[WHAT TO DO] From the listing below, output the lines between the one with "- интервал напора: от 29 до 21,5 м;" and the one with "(천안=포커스뉴스) 6일 오후", including those two, and nothing else. Pictures are not copied.

[SOURCE MATERIAL]
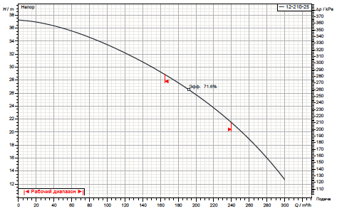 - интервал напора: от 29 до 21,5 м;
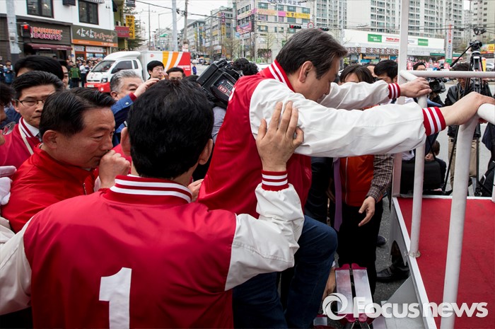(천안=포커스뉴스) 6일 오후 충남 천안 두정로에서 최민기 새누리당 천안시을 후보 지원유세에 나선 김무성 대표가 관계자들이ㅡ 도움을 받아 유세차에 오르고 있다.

==

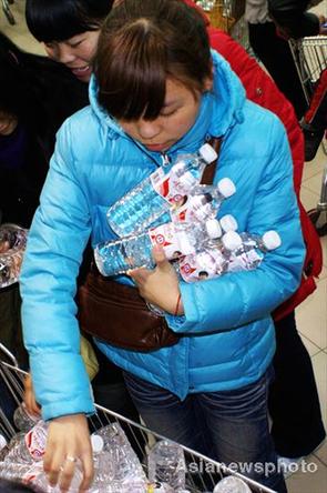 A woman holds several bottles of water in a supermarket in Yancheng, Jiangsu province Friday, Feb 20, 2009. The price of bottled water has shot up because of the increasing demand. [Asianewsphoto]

[WRITTEN SOLUTION]
 - интервал напора: от 29 до 21,5 м;
(천안=포커스뉴스) 6일 오후 충남 천안 두정로에서 최민기 새누리당 천안시을 후보 지원유세에 나선 김무성 대표가 관계자들이ㅡ 도움을 받아 유세차에 오르고 있다.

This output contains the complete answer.